Fraudsters have succeeded in hijacking payments by claiming to be IT workers, and the post-pandemic talent shortage has made it easier for crooks to pose as clients and befriend unwitting employees to intercept payment instructions. "It can be temporary workers or veterans–people at all levels are fooled by very sophisticated schemes that look legit," she said.

Along with email, the widespread use of passwords for authenticating corporate payments is a persistent gap enabling fraud, said Mike Timoney, vice president of the Federal Reserve Bank of Boston, who joined Rosendahl on the same panel. 

"Even after all these years, many people at corporations are using obvious passwords like the word 'password' and simple numeric strings like '1,2,3,4,5," where they should be using at least a 16-digit password," Timoney said. 

The use of text messages to validate payments in corporate settings is also a gaping opportunity for fraudsters, he noted. 

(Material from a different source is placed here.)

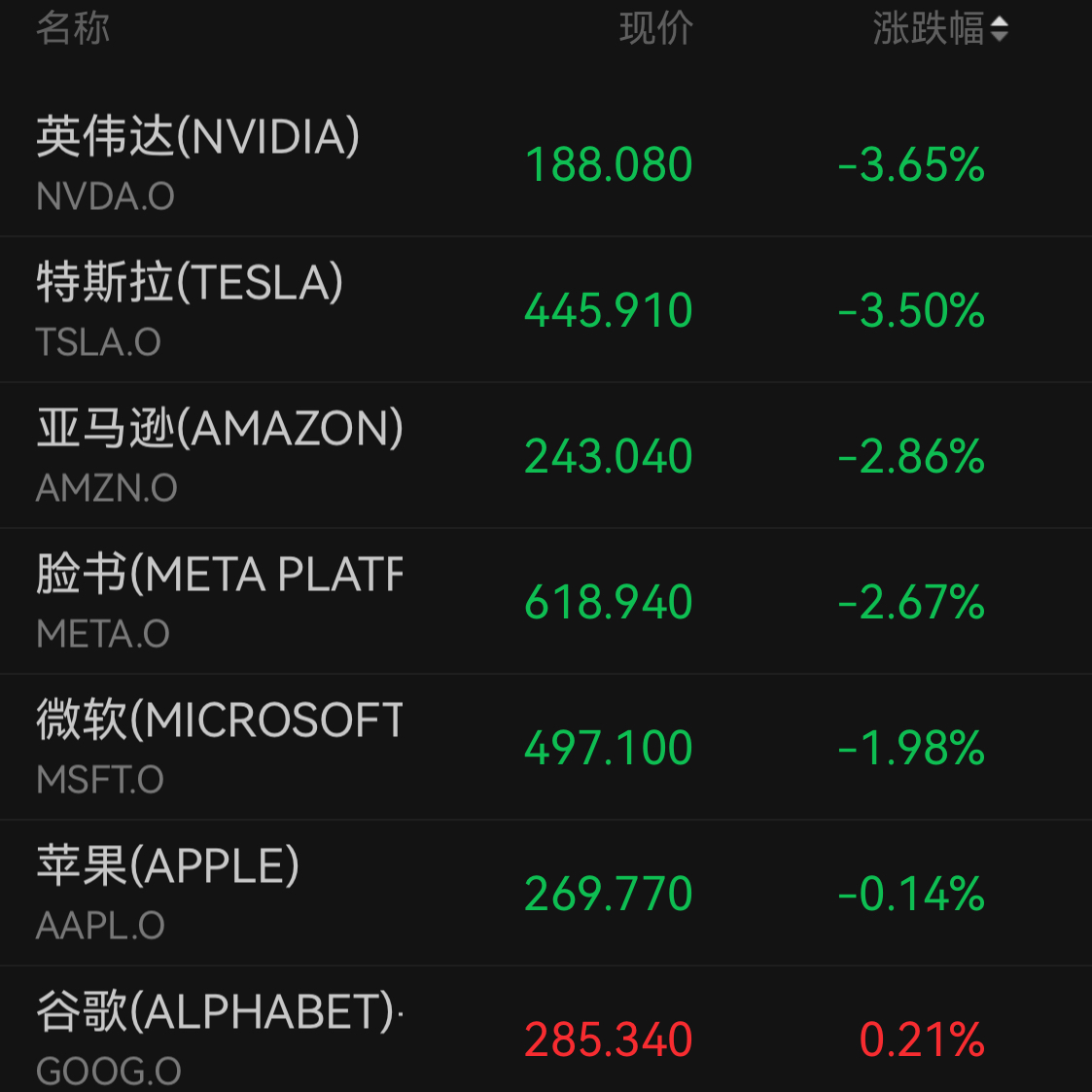 11月7日收盘,美股三大指数集体下跌,科技股成为重灾区。万得美国科技七巨头指数跌1.91%。具体来看,英伟达跌3.65%,特斯拉跌3.5%,亚马逊跌2.86%,Meta跌2.67%,领跌七巨头。另外微软已连续七个交易日下跌,昨夜跌1.98%,创2022年以来最长连跌天数,苹果微跌0.14%。七巨头中仅谷歌微涨0.21%。

"Companies think they're using multi-factor methods to avoid fraud, but text messages can be phished. SMS messages were developed for notifications and alerts, not security," Timoney said. 

Moving away from passwords, adding secure multi-factor authentication methods and biometrics are ways to protect against corporate payments fraud, he said.

Even as corporations adopt more secure payment-authentication methods, many are unreasonably afraid to let employees use mobile devices for business payments, Rosendahl said. 

"It can be a challenge convincing organizations who think mobile phones are risky for conducting corporate payments, but [with proper controls] the mobile device can actually be very secure," she said. 

Prioritizing fraud awareness and education on an ongoing basis is the best way to thwart corporate payment fraud, according to Rosendahl. 

"If corporate employees had awareness of the risks, and organizations made sure their people were always validating any changes in payment instructions, we could immediately wipe out a lot of business email fraud," she said.